Marking every step was the art work, most taken from the Wili and Doreen Fernandez collection, and some provided by Della and Ben Besa, Fernandez’s sister and brother-in-law. The art on display was yet another reflection of Fernandez’s fine taste and appetite for art.
 
Most of the art had something or everything to do with the intersection of food and Filipino culture. Featured artists include Omar Sayoc, Norma Belleza, Conrado Mercado, H.R. Ocampo, Ang Kiukok, Vicente Manansala, Bencab, Fernando Amorsolo, and Botong Francisco. 
 
Curator Lalyn Buncab explained that Fernandez and her husband had donated their collection in 2003. All 416 works have proved a precious asset to the museum, and have been shown many times since, Bencab said.  
 
Of course, there were the words. Words that seemed to jump off the pages of Fernandez’s myriad books, essays and manuscripts, presented alongside items that reflected their contents. A series of woodcuts by Manuel Baldemor, for instance, or a collection of clay pots flanking Fernandez’s last published book, “Palayok.”
 
A manuscript of Fernandez’s last unpublished, unfinished book was also on display, and this perhaps is the most intriguing piece in the entire exhibition. The book-that-would-have-been was given the title “Food at the very beginning: indigenous Philippine food.”  
 
The presence of this typewritten bunch of papers will accost any unsuspecting viewer with its finality—or lack thereof.
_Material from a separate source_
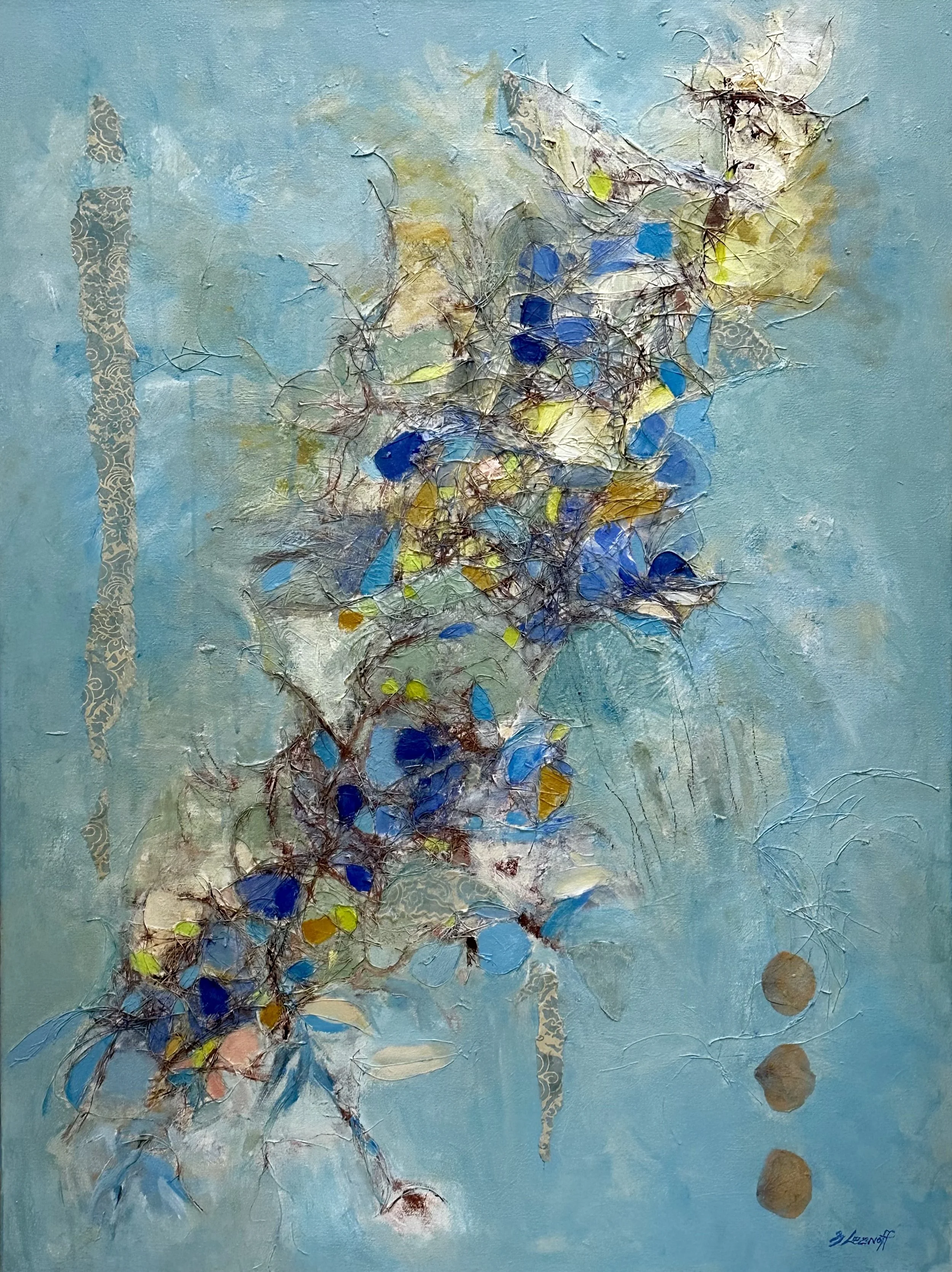 I currently divide my time between painting and writing. I was an instructor in the Creative Writing Department at Douglas College for 30 years. Writing engages my creative and analytical mind, while painting leans on intuition and the senses. As an artist, I play with imagery the way poets play with words. My mixed media paintings are primarily abstract, incorporating landscape and figurative elements. I use acrylics, ink, pastels, Japanese rice papers, charcoal, leaves and petals, juxtaposing materials and ideas. My work is textured and dramatic, mythical and symbolic. My paintings have been exhibited across North America. My published work as an author includes: plays, children’s books, film, scripts, and fiction, and the award-winning novel Heartache and Other Natural Shocks. Making art is a playful and passionate leap of faith. Looking at art should be like having a great conversation. The goal is always: to connect.

This is what a life lived in exceptional taste comes down to, the unfinished manuscript seemed to say from behind the shiny glass where it sat beyond the reach of eager Fernandez fans who would have picked it up and thumbed through it, forgetting the fact that it is a rare artifact. 
 
It is sad to see, and sadder even to wonder what this book could have been, what discussions it could have opened, what insights it could have inspired. 
 
At the same time, this last manuscript is perhaps a fitting illustration of Fernandez herself, of the woman whose life, legacy, and habit of exceptional taste remain unfinished, that is to say, alive. –KG/HS, GMA News
 
“Food for Thought: A Celebration of Good Taste” ran until August 24 at the De La Salle University Museum at 2401 Taft Avenue, Manila.